Hari bergulir senja, Via sampai di rumah agak telat karena harus mampir ke apotik dan mengantri demi sate ayam madura kesukaannya. Namun selepas mandi Via justru tenggelam dalam selimut karena demam tiba-tiba datang menderanya. Selimutnya ia tarik sebatas leher, Via mengigil kedinginan.
Bip
Sebuah notifikasi pesan masuk di ponsel Via yang masih berada dalam tas kerjanya terabaikan. Sang pengirim pesan yag tak lain adalah Mirza mengernyit heran karena istrinya tak kunjung membalas pesannya. Ia pun coba menelpon, namun tak ada jawaban, bahkan nomornya tiba-tiba tak bisa dihubungi.
“Nelpon siapa, Mas?” Tanya Udin yang melihat raut khawatir wajah Mirza.
“Via. Tapi nggak bisa dihubungi, padahal barusan aktif.”
“Oh, mungkin mati kali hpnya Mas, low bat.”
“Mungkin.”
Mirza lantas melihat pada ibunya yang masih terbaring lelah dengan mata terpejam karena baru saja tertidur sesudah dokter menyuntikkan obat. “Din, aku pulang dulu ya mau jemput Via.” Mirza menoleh pada Udin.
“Iya Mas.”
Mirza pun ke luar ruang perawatan dan menyusuri lorong klinik menuju area parkir. Dalam perjalanan pulang Mirza tak lupa mampir membeli makanan untuk sang istri. Ia berpikir pastilah istrinya itu tak sempat membeli makanan pulang kerja sore tadi.
SREET
Mirza sampai di depan rumah dan kaget mendapati rumahnya dalam keadaan gela gulita.

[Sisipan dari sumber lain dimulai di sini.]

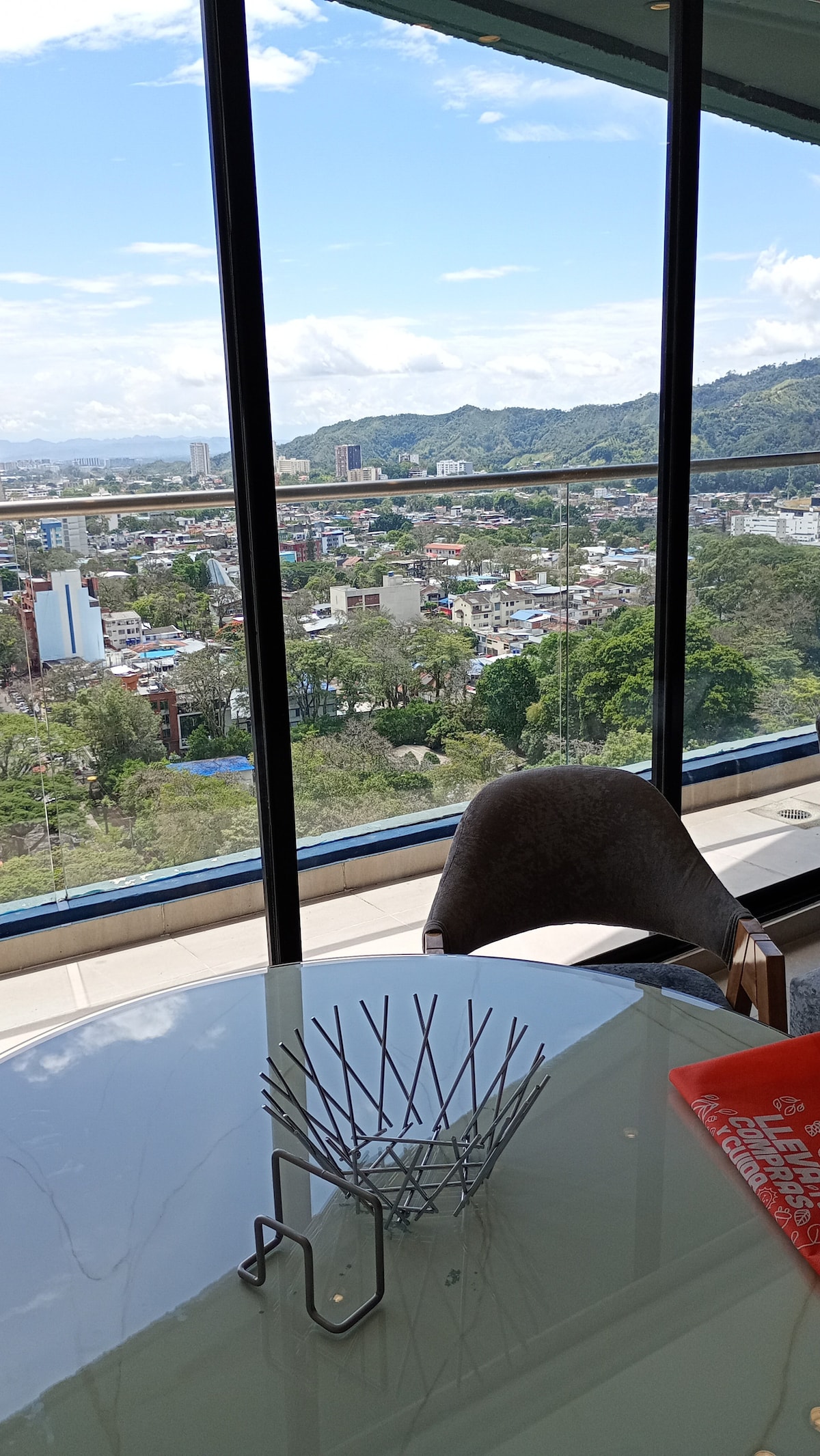 Apartamento ubicado en exclusivo sector, cerrito. Con tres habitaciones, dos bańos y zona social. La sala tiene sofacama y televisor de 58 plg, el cuarto ppal con su TV, muy bien dotado, con nevera, lavadora, comedor de 6 puestos los utencilios de la cocina; de esta manera puede tomarse un delicioso cafe sentado en el mirador de un 10 piso viendo la naturaleza que le ofrece este hermoso sector. El Conjunto cuenta con piscina, zonas humedas, cancha de squash y gimnasio. Cerca al parque Ukumari.
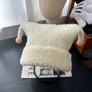 白色搞怪帽子女2025新款秋冬季潮流时尚保暖显脸小防寒毛线帽子
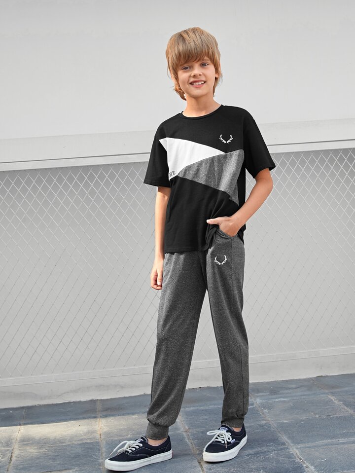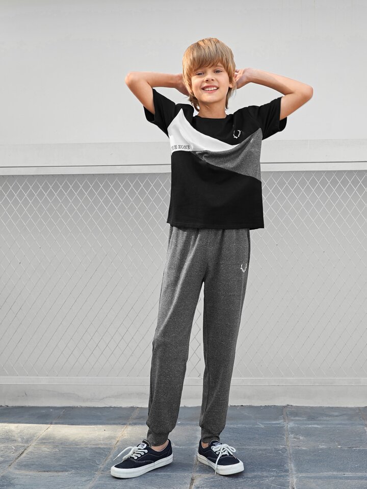 طقم بنطلون مع لباس علوي بألوان متجانس وبجرافيك عبارة للاولاد
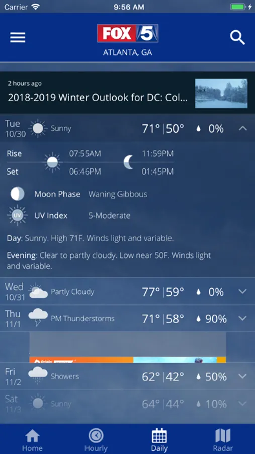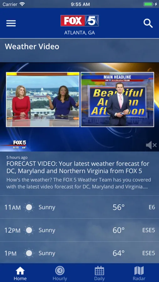 Track your local forecast for Washington D.C., Maryland and Virginia quickly with the free FOX 5 DC Weather app. The new FOX 5 DC Weather App includes a new scroll function that gives you all of the great features you're used to from the app on one easy-to-use screen.

“Apa Via belum pulang ya?” Gumam Mirza membuka pintu pagar namun matanya tertumbuk pada motor Via yang terparkir di halaman samping. “Motornya ada, tapi kok rumah gelap begini?”
Ting tung
Mirza memencet bel pintu dan menunggu beberapa saat.
Ceklek
Mirza mencoba membuka pintu yang ternyata memang tak terkuci karena tak kunjung keluar juga istrinya.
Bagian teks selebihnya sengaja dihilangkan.